Surveillance System ◽

Electron Tomography ◽

Nuclear Transport ◽

Nuclear Pore ◽

Nuclear Pore Complexes ◽

Inner Nuclear Membrane ◽

Pore Complexes

AbstractThe integrity of the nuclear envelope membranes coupled to the diffusion barrier and selective transport properties of nuclear pore complexes (NPCs) are a prerequisite for the robust segregation of nucleoplasm and cytoplasm. Recent work supports that mechanical membrane disruption or perturbation to NPC assembly can trigger an ESCRT-dependent surveillance system that seals nuclear envelope pores: how these pores are sensed and sealed remains to be fully defined. Here, we show that the principal components of the nuclear envelope surveillance system in yeast, which includes the ESCRT Chm7 and the integral inner nuclear membrane (INM) protein Heh1, are spatially segregated by the nuclear transport system.
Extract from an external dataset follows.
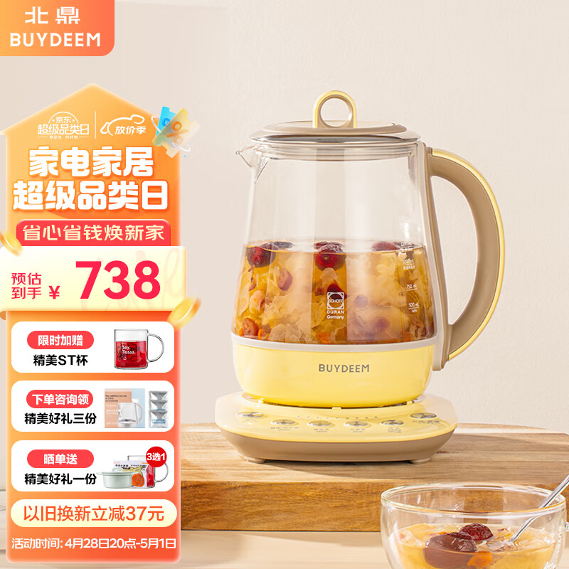 北鼎(Buydeem)养生壶中药壶多功能养生壶迷你玻璃煮茶器 煮茶壶花茶壶黑茶燕窝银耳K118小鹅黄价格:738.00元!

Specifically, at steady state Chm7 is actively restricted from the nucleus by Crm1/Xpo1. Consistent with the idea that it is the exposure of the INM that triggers surveillance, the expression of a transmembrane anchor and the winged helix domain of Heh1 is sufficient to recruit and activate Chm7 at a membrane interface. Correlative light electron tomography under conditions of Chm7 hyper-activation further show the formation of an elaborate network of fenestrated sheets at the INM and suggest ER-membrane delivery at sites of nuclear envelope herniation. Our data point to a model in which exposure of Chm7 to Heh1, driven by any perturbation in the nuclear envelope barrier would lead to local nuclear envelope remodeling to promote membrane sealing. Our findings have implications for disease mechanisms associated with defects in NPC assembly and nuclear envelope integrity.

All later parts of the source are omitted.